ClickHouse C++ Meetup

Author: Alexey Milovidov, 2018-05-17.

Overview of ClickHouse Internal Architecture

The Foundation of ClickHouse — Columns

On disk — columns.
Data is stored by columns.

In memory — columns.
Data is processed by columns.

How Columns Are Stored in Memory

As pieces of columns — for example, 65,536 elements.

The size of a piece — depends on many things.

For SELECT — see the max_block_size setting.

How Columns Are Stored in Memory

Represented as objects with IColumn interface.

Variants — ColumnVector<T>, ColumnString, ColumnArray...

ColumnVector<T> — almost like std::vector<T>.
But under the IColumn interface.
And instead of std::vector<T> — PODArray<T> (why?).

How Columns Are Stored in Memory

Previously it was std::vector. PODArray — just an optimization.

PODArray:
— no unnecessary memset;
— has 15 bytes padding at the end;
— uses an allocator interface different from std::allocator, which sometimes allows mremap.

How Columns Are Stored in Memory

ColumnString — consists of two components:

1. Bytes laid out sequentially.
2. Offsets to the i+1 string.

h e l l o \0 w o r l d \0 6 12

How Columns Are Stored in Memory

ColumnConst

From one nested column,
containing one value.

What the IColumn Interface Provides

Basic operations:
— cut — extract part of a column, to implement LIMIT;
— filter — to implement WHERE;
— compareAt, permute — to implement ORDER BY;
...

How Columns Are Stored in Memory

Ownership — using COWPtr<IColumn>.

Previously it was std::shared_ptr<IColumn>.

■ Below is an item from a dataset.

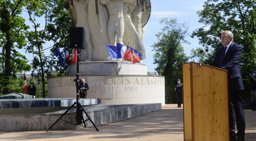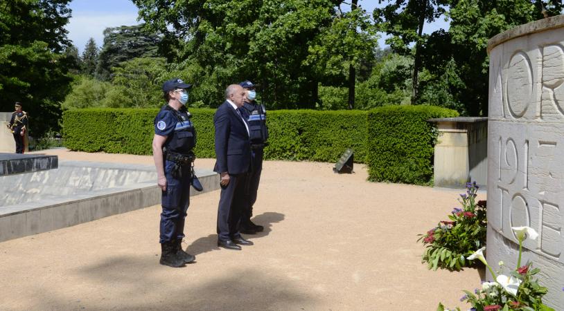 La Ville de Lyon préparait depuis quelques mois une célébration du 75° anniversaire de la capitulation sans conditions de l’Allemagne nazie, à la fois grave, belle et joyeuse, sur la place Bellecour, auprès du Veilleur de Pierre. La crise sanitaire actuelle en a décidé autrement, et nous a contraints à une cérémonie discrète, sans public, devant le Monument aux Morts, sur l’Île du Souvenir au Parc de la Tête d’Or.
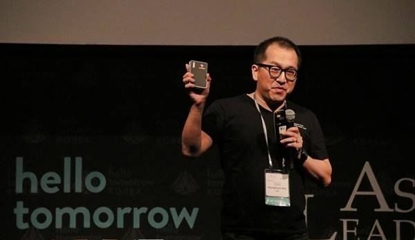 | 울랄라랩 김승현 이사가 자체 개발한 IoT 디바이스 위콘을 설명하고 있다. [사진=울랄라랩] |

Almost All Operations Are Immutable

virtual Ptr filter(const Filter & filt, ssize_t result_size_hint) const = 0;

Instead of modifying content, they create
and return a new column object.

This is normal, as operations are "coarse-grained".

But there are also "fine-grained", mutating operations.

IColumn, What It's Responsible For:

— storing data in memory;
— common operations on columns.

IColumn, What It's Similar To:

— Apache Arrow;
— arrays in NumPy;
— arrays in APL, J, K.

Motivation

Isolate maximally efficient
inner loops from wrapper code.

Code doesn't have to be efficient as a whole.

Optimizable places should be localizable.

«vectorized engine»

Bonus:
— SIMD instructions;
— clever optimizations for homogeneous data
(IColumn::filter, LIKE function implementation);

Data Types:

IDataType

— binary serialization and deserialization to data streams;
— one column can be written to multiple physical streams, example: Array(Array(UInt8));
— serialization and deserialization in text form for different data formats;
— data type properties;
— completely immutable: std::shared_ptr<const IDataType>.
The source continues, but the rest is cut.